As we know, is necessary to drop out that observation to clean the data and get a better coefficient with the minimum error.
head(df)
# A tibble: 6 x 4
Observation Advertising Sales Resids
<dbl> <dbl> <dbl> <dbl>
1 1 12 24 -1.73
2 2 12 27 1.27
3 3 9 25 -1.71
4 4 11 27 0.943
5 5 6 23 -4.68
6 6 9 25 -1.71
df <- df[-which.max(df$Resids),]
df
# A tibble: 19 x 4
Observation Advertising Sales Resids
<dbl> <dbl> <dbl> <dbl>
1 1 12 24 -1.73
2 2 12 27 1.27
3 3 9 25 -1.71
4 4 11 27 0.943
5 5 6 23 -4.68
6 6 9 25 -1.71
7 7 15 27 2.24
8 8 6 25 -2.68
9 9 11 26 -0.0566
10 10 16 27 2.57
11 11 11 25 -1.06
12 13 13 26 0.593
13 14 11 23 -3.06
14 15 13 26 0.593
15 16 7 23 -4.35
16 17 8 23 -4.03
17 18 8 24 -3.03
18 19 12 26 0.268
19 20 9 24 -2.71
We just deleted that week and then we need to compute the coefficients of our model:
fit2 <- lm(Sales ~ Advertising, data= df)
summary(fit2)
Call:
lm(formula = Sales ~ Advertising, data = df)
Residuals:
Min 1Q Median 3Q Max
-2.2500 -0.4375 0.0000 0.5000 1.7500
Coefficients:
Estimate Std. Error t value Pr(>|t|)
(Intercept) 21.1250 0.9548 22.124 5.72e-14 ***
Advertising 0.3750 0.0882 4.252 0.000538 ***
---
Signif. codes: 0 '***' 0.001 '**' 0.01 '*' 0.05 '.' 0.1 ' ' 1
Residual standard error: 1.054 on 17 degrees of freedom
Multiple R-squared: 0.5154, Adjusted R-squared: 0.4869
F-statistic: 18.08 on 1 and 17 DF, p-value: 0.0005379
Now we can reject the Ho: B1=0, so beta is statically important.

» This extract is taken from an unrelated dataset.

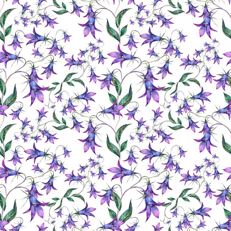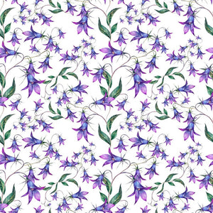 The Watercolor Bluebell Flowers Fabric is a part of the Spring Is Here Fabric Collection printed by Sew Creative Fabrics. Digitally Printed on 100% cotton.

df %>% ggplot(aes(Advertising,Sales))+geom_point() + geom_smooth(method = "lm")
## `geom_smooth()` using formula 'y ~ x'
I learnt that the presence of outliers the model change a lot and to fix ot is needed to find that outliers to fit a new model. But also my question is if all outliers are bad? A question that in the next classes I’ll learn.